China’s leader Xi Jinping ordered that Gao be disciplined and he has been banned from speaking publicly for an unspecified period. The Securities Association of China warned brokerages in late December to ensure their economists “play a positive role” in boosting investor confidence.

China’s statistics bureau has defended its data practices, saying that data quality has improved over the years and that it has taken steps to ensure accuracy and investigate any misconduct during collection.

In February, Goldman Sachs came up with an alternative way of measuring China’s economic growth by crunching figures such as import data, which can be read as proxies for domestic spending. The thinking was that trade data get published frequently and is hard to fudge, since China’s trading partners also report those numbers.

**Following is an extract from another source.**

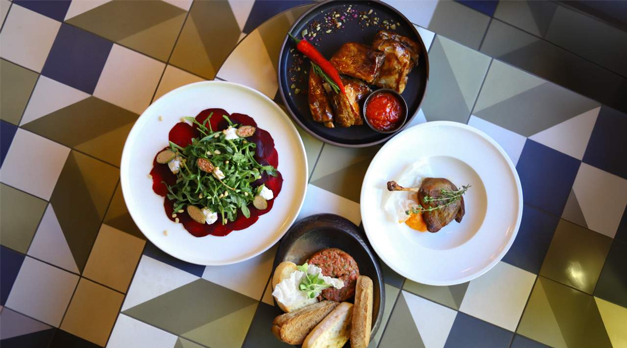 Буряк запечений у дров’яній печі у поєднанні з ніжним вершковим мусом, руколою, каперсами та підсмаженими кедровими горіхами, заправлений кунжутною олією

That approach implied that China’s growth in 2024 averaged 3.7%. Using a different method, Rhodium Group, a New York-based research outfit, said growth was closer to 2.4% in 2024.

Vanishing act​

Presenting an image of stability is paramount for China’s Communist Party, especially now, with many middle-class Chinese worried about the future and the country entering uncharted territory in its competition with the U.S.

Often, the data that goes missing involves areas of high sensitivity or headaches for Beijing, such as the property market, whose collapse in recent years wiped out billions of dollars of household wealth and triggered protests by frustrated home buyers.

During the boom years, China’s developers furiously bought up land from local governments at sky-high prices. The transactions poured money into local governments’ coffers and signaled future development plans, a key driver of the economy.

The downturn began in 2021, after Beijing tightened credit on the sector. With home sales falling and real-estate developers going bankrupt, a Chinese think tank called Beike Research Institute released a report in 2022 that found the average housing vacancy rate among 28 Chinese cities was higher than the average in the U.S. and other places—a sign of oversupply.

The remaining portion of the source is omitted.